The Air Force Real Property Agency (AFRPA) merged with the Air Force Center for Engineering and the Environment and the Air Force Civil Engineer Support Agency to form the Air Force Civil Engineer Center on Oct. 1, 2012.

AFRPA acquired, disposed of and managed all Air Force-controlled real property worldwide. It was an agency within the office of the Assistant Secretary of the Air Force for Installations, Environment and Logistics.

==History==
The Air Force Real Property Agency traced its roots to 15 November 1991, through the creation of the Air Force Base Disposal Agency, a field-operating agency that reported to the Office of the Assistant Secretary of the Air Force for Manpower, Reserve Affairs, Installations and Environment. The agency was created as the single focus for base conversion matters and the execution of environmental programs and real property disposal for major Air Force bases in the United States being closed or realigned under the authorities of the Base Closure and Realignment Act of 1988 and the Defense Base Closure and Realignment Act of 1990.
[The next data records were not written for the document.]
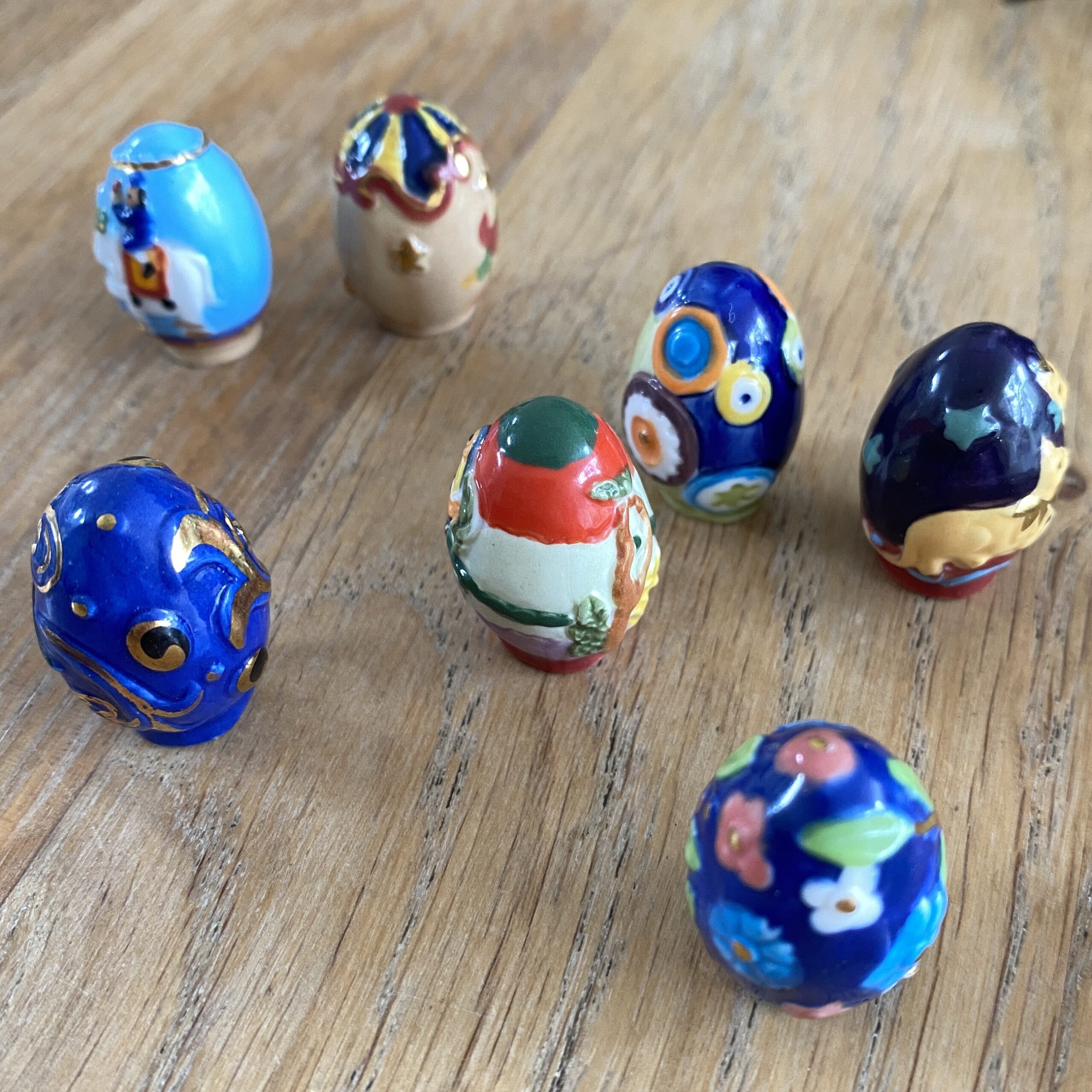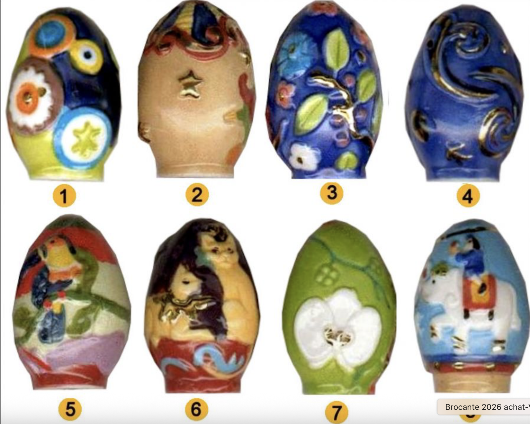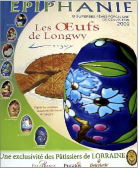 7 fèves de galettes de roi, en Emaux de Longwy. Ces fèves ont été créées en 2009; la collection compléte compred 8 fèves, mais seules 7 sont disponibles. Elles sont vendues à la pièce au prix de 3€ pièce.
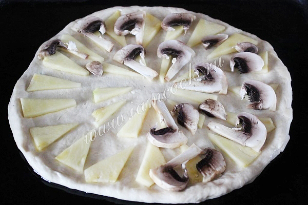 На смазанный растительным (оливковым) маслом противень уложите тонкую лепешку из теста. Разложите на ней дольки ананаса и шампиньонов.
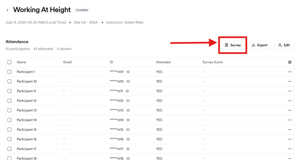 Each session includes a built-in survey that matches the language of the training. Once the session ends, as long as you have submitted attendance for your classroom session you can launch the survey directly from the dashboard.
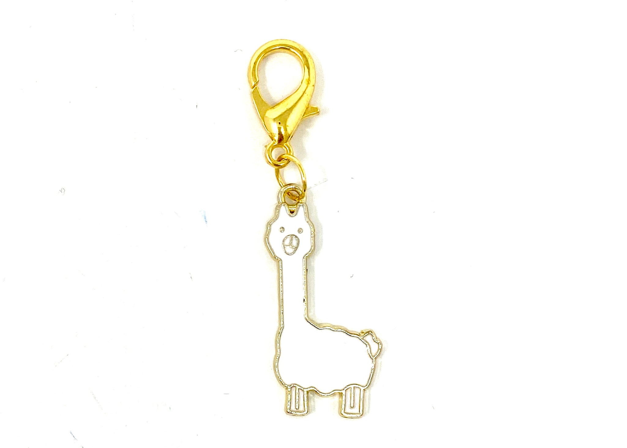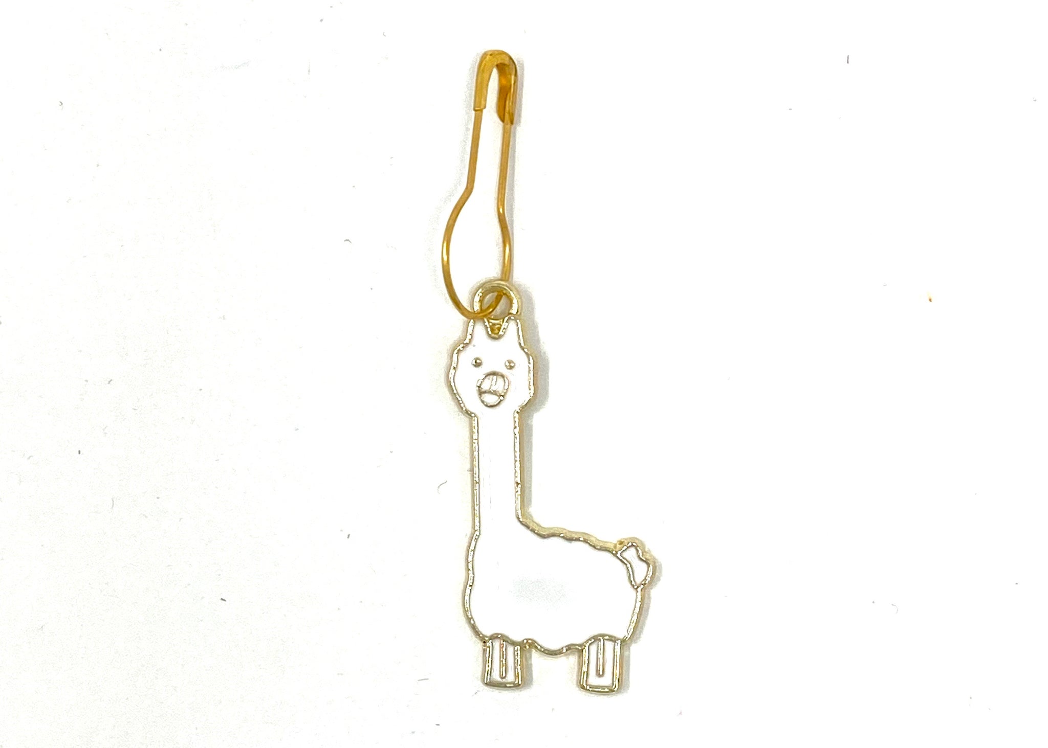 This Alpaca stitch marker has a lobster claw or safety pin option. Featuring a gold outline and a bright white alpaca. This stitch marker is a must have for any knitter!

In 1993, the agency was renamed the Air Force Base Conversion Agency, a name that clearly identified its role in assisting BRAC communities through the process of closing and realigning bases from military to civilian reuse. AFBCA ensured that property at these Air Force installations was made available for reuse. The agency provided civilian reuse transition planning caretaker services to include installation protection, maintenance, and operations. Additionally the agency was responsible for environmental planning, compliance, and restoration and real property disposal.
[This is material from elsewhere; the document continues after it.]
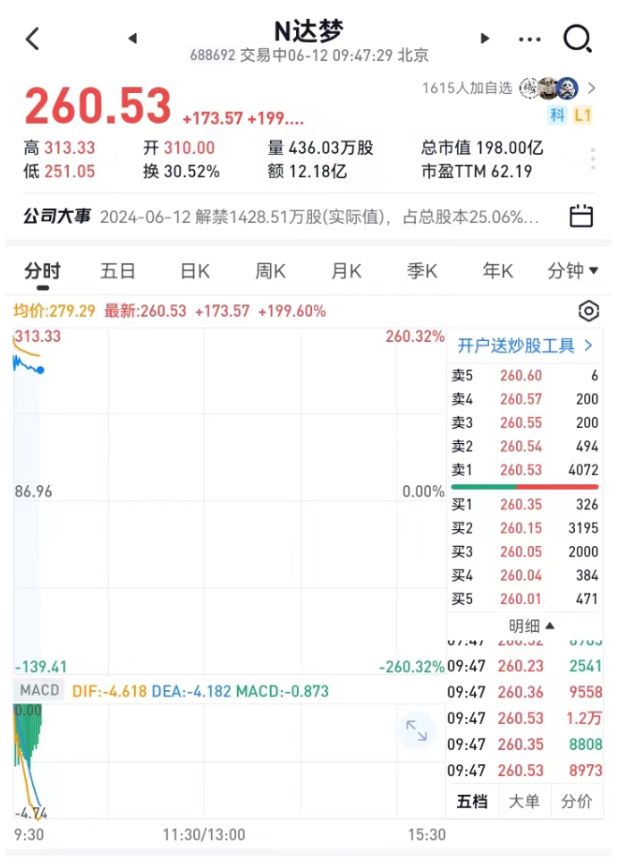 行情数据显示,达梦数据今日开盘即涨256.49%,开盘价为310元,截至发稿,盘中最高上冲至313.33元,随后公司股价开始震荡回落,跌至250元附近。

The Secretary of the Air Force consolidated the Air Force Base Conversion Agency with the Air Force Real Estate Division to form the Air Force Real Property Agency 16 October 2002. The division managed real property acquisition and disposal for active Air Force installations worldwide. This transformation consolidated the Air Force's real property disposal and acquisition efforts for both active-duty and BRAC installations. The new agency reported to the Assistant Secretary of the Air Force for Installations, Environment and Logistics.